Lisa Scheenaard

Personal information
- Nationality: Dutch
- Born: 5 September 1988 (age 37) Weert, Netherlands
- Height: 1.79 m (5 ft 10 in)
- Weight: 70 kg (154 lb)

Sport
- Country: Netherlands
- Sport: Rowing
- Event: Double sculls

Medal record
Women's Rowing
Representing Netherlands
Olympic Games
| Bronze medal – third place | 2020 Tokyo | Double sculls |
World Championships
| Bronze medal – third place | 2019 Ottensheim | Double sculls |
European Championships
| Silver medal – second place | 2023 Bled | Quadruple sculls |
| Silver medal – second place | 2020 Poznan | Double sculls |
| Silver medal – second place | 2018 Glasgow | Double sculls |
| Silver medal – second place | 2017 Račice | Double sculls |
| Silver medal – second place | 2013 Seville | Quadruple sculls |

= Lisa Scheenaard =

Dutch rower (born 1988)

Lisa Scheenaard (born 5 September 1988) is a Dutch rower, who competed at the Olympic Games.

== Rowing ==
In 2016, Scheenaard won the Princess Royal Challenge Cup (the premier women's singles sculls event) at the Henley Royal Regatta, rowing for the Hollandia Roeiclub.

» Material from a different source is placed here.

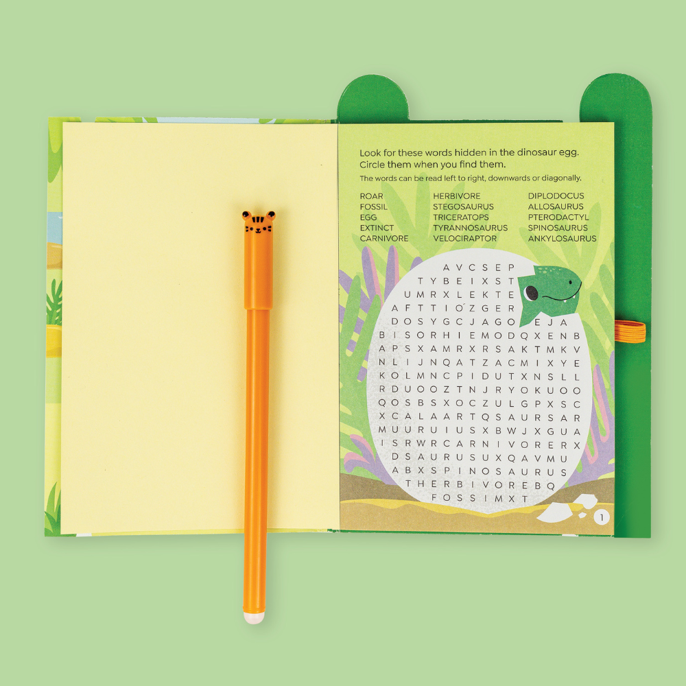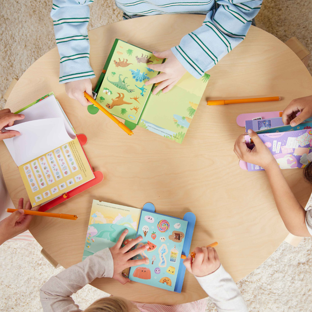 Sættet indeholder 25 sider med forskellige aktiviteter, et ark med klistermærker og en sletbar tuschpen – det perfekte sæt til endeløs kreativ leg.

Scheenaard won a bronze medal at the 2019 World Rowing Championships and a silver medal at the 2020 European Rowing Championships.

She won the bronze medal at the 2020 Summer Olympics in the double sculls event together with Roos de Jong.

== Cycling ==
In 2018, 2020, and 2022 she was the champion at the Dutch Headwind Cycling Championships, held in storm conditions at Oosterscheldekering over an 8.5 km course against the North Sea wind on upright single-speed bikes. In 2018 she battled "Moderate gale" force 7 winds to complete the distance in 20 minutes 28 seconds. In 2020 she completed the course in 23 minutes 8 seconds while facing "Fresh gale" force 8 (code orange) winds. In 2022 she battled "Moderate gale" force 7 winds to complete the distance in 22 minutes 53 seconds.